はじまり 4
あわただしく図書館に本を返して、自宅まで一直線に帰る。
住宅街の一軒家。
「蓮見」と「長野」という二種類の表札の掲げられた家が、藤花の自宅だった。
「ただいま……」
父がまだ帰らないのを承知で、家の中に声をかける。
ただし、小声で。
そのまま足音を立てないように仏間に顔を出し、四年前に亡くなった母の写真にも帰宅を告げた。
藤花が十才の時母が亡くなった。
小学生のうちは、近所に住む伯母が家政婦めいた事をしていてくれたが、藤花が中学に上がってからは、そういった家事のあれこれは藤花がやっていた。
でも、今現在、藤花が家事をする必要は、ない。
そのまま静かに自室に直行しようと踵を返した瞬間、台所の方から女性が出てきた。
「おかえりなさい、藤花ちゃん」
そう言ってにっこりと微笑むのは、檀あずさという名前の女性。
藤花の父と、再婚予定の女性。
「ただいま帰りました」
視線を合わせず、会釈だけしてさっと立ち去る。
他人は「もう四年」というけれど、藤花にとっては「まだ四年」だ。
まだ、四年なのに――。
何事か言いかけたあずさを締め出すように、藤花は強く自室の扉を閉めた。
扉を閉めるなり、その場に座り込む。
制服のスカートから出ている素足の部分が、フローリングの床に触れて冷たい。
見上げれば、時計の指差すのは四時半。
巴と別れてから四十五分。
何時間も経ったと思ったのに、まだそれだけしか経っていないのか、と思った。
老夫と話して、『優しさの手がかり』を見ていた時間はとても長く思えたのに。
手にしていた『優しさの手がかり』を床に置く。
ぐるぐると渦巻く模様が、ことさら気味悪く見えた。
藤花の母は、病死だった。
藤花は未だに、母の亡くなった原因である病気が何なのかをよく知らない。
亡くなったその時に聞いたような気がするのだが、当時は原因なんてどうでもよかった。
けれど、今更父には聞けない。
父は、不自然なまでに母の死を口にしなかった。
父は、母の死に目に間に合わなかった。
親戚の間では、その事を随分悪しき様に言う人が多かったが、藤花は、それが誰より悲しかったのは父本人に違いないと思っていた。
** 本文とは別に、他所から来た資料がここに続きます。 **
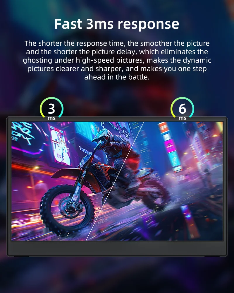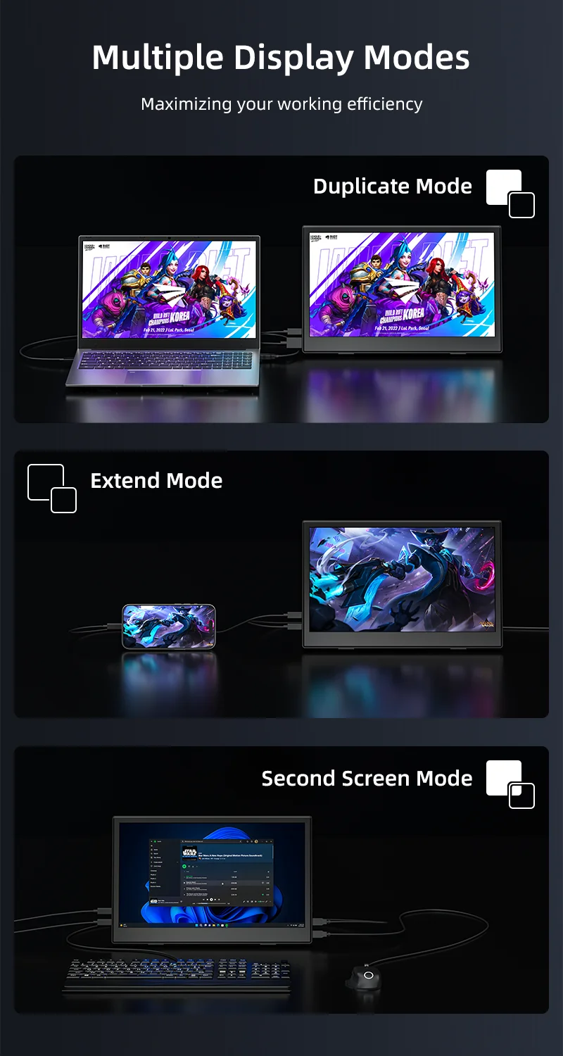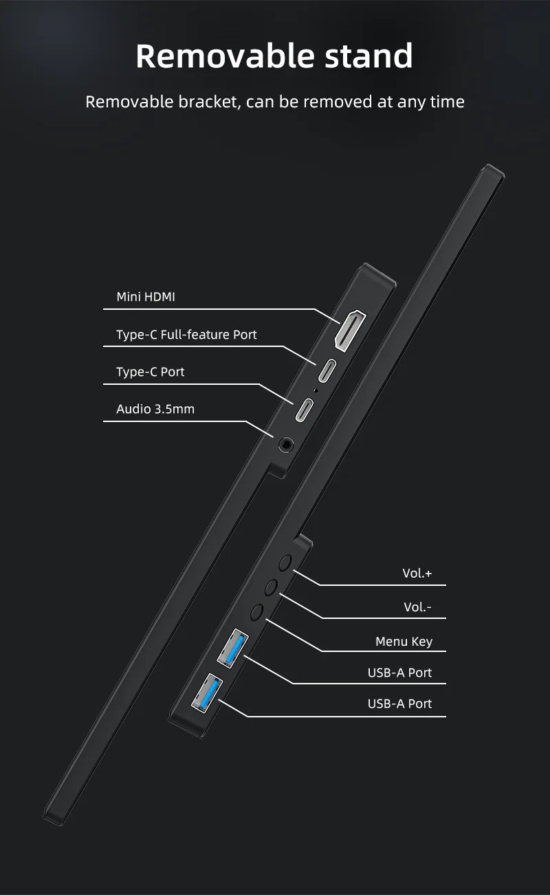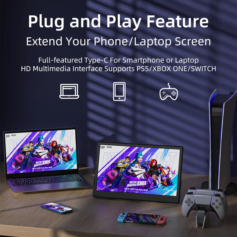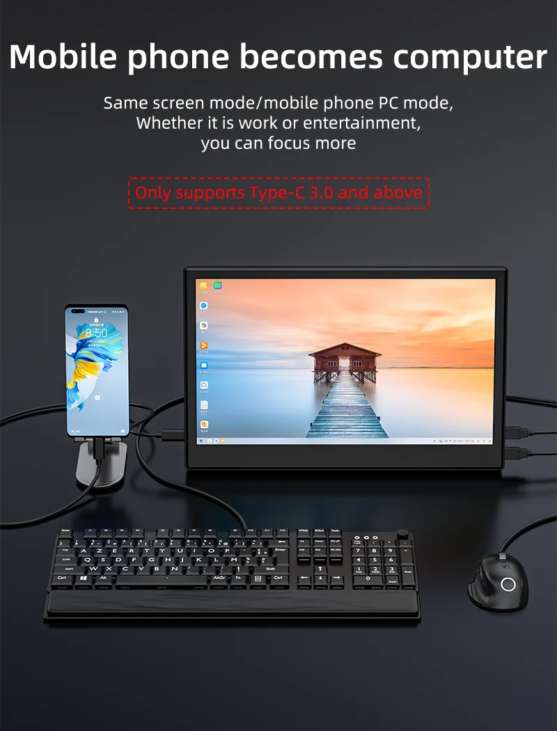 This 11.6-inch portable monitor is not only extremely convenient, but also has excellent versatility. It is equipped with dual USB ports and supports external keyboards, mice and other peripherals, which facilitates a more efficient office experience. By connecting a mobile phone, you can transform the mobile phone screen into a PC operation mode, easily multitask and improve work efficiency. It is especially suitable for users who need to work outside or often need to switch between different places.

その証拠のように、父は母の一周忌が終わると同時に、糸が切れたように体調を崩し、入院までしてしまった。
帰ってくれば、母が死んだ事を口に出さなくなった。
それも今から思えば、本当に母が理由だったのか分からない、と皮肉気に藤花は思う。
父が、再婚相手であるあずさと知り合ったのは、入院したその病院だというのだから。
彼女は看護士として、その病院に働いていた。
人の顔色をうかがうように、父が再婚の話を藤花にしたのは二週間前。
藤花の答えは、「否」だった。
――まだ、四年なのに――。
けれど、彼らは藤花にはまだ母親が必要という大義名分を振りかざして、彼女は家にやってきた。
他人の弱みにつけこんで。
卑怯にも。
そんな人を、母だなんて呼べない。
ぎゅっと目をつむって、嫌な気持ちを追い払う。
光を反射して煌めく『優しさの手がかり』を手に、ベッドの上に寝転がった。
留め金のついていたらしい跡があるのに、その時はじめて気付く。
元は綺麗な留め金がついていたのだろう。
金の瀟洒な細工の名残があった。
思いながら蓋を、開ける。
中は、空だった。
ただ、紅天鵞絨が敷詰められている。
「嘘……ネジは?」
どんな曲が入っているのかも聞けないのか、と藤花は嘆息する。
明日、例の骨董品屋に行かなくては。代金とネジと――。
内心で数え上げて、『優しさの手がかり』の蓋を閉めようと、蓋に手をかけた。
その瞬間、『優しさの手がかり』から音楽が零れ落ちる。
箱の表面に施された螺鈿のような煌びやかで繊細な音。
触れれば硝子細工のように脆く崩れ去ると思わせる音であった。
何も触っていないのに、と藤花が思うより早く、さらに驚いた事に音楽に乗せて女性の声が聞こえてくる。
伸びやかで、優しげなメゾ・ソプラノ。
若い女性の声が、物語を歌いあげる。
――ゆったりと、歌いあげた。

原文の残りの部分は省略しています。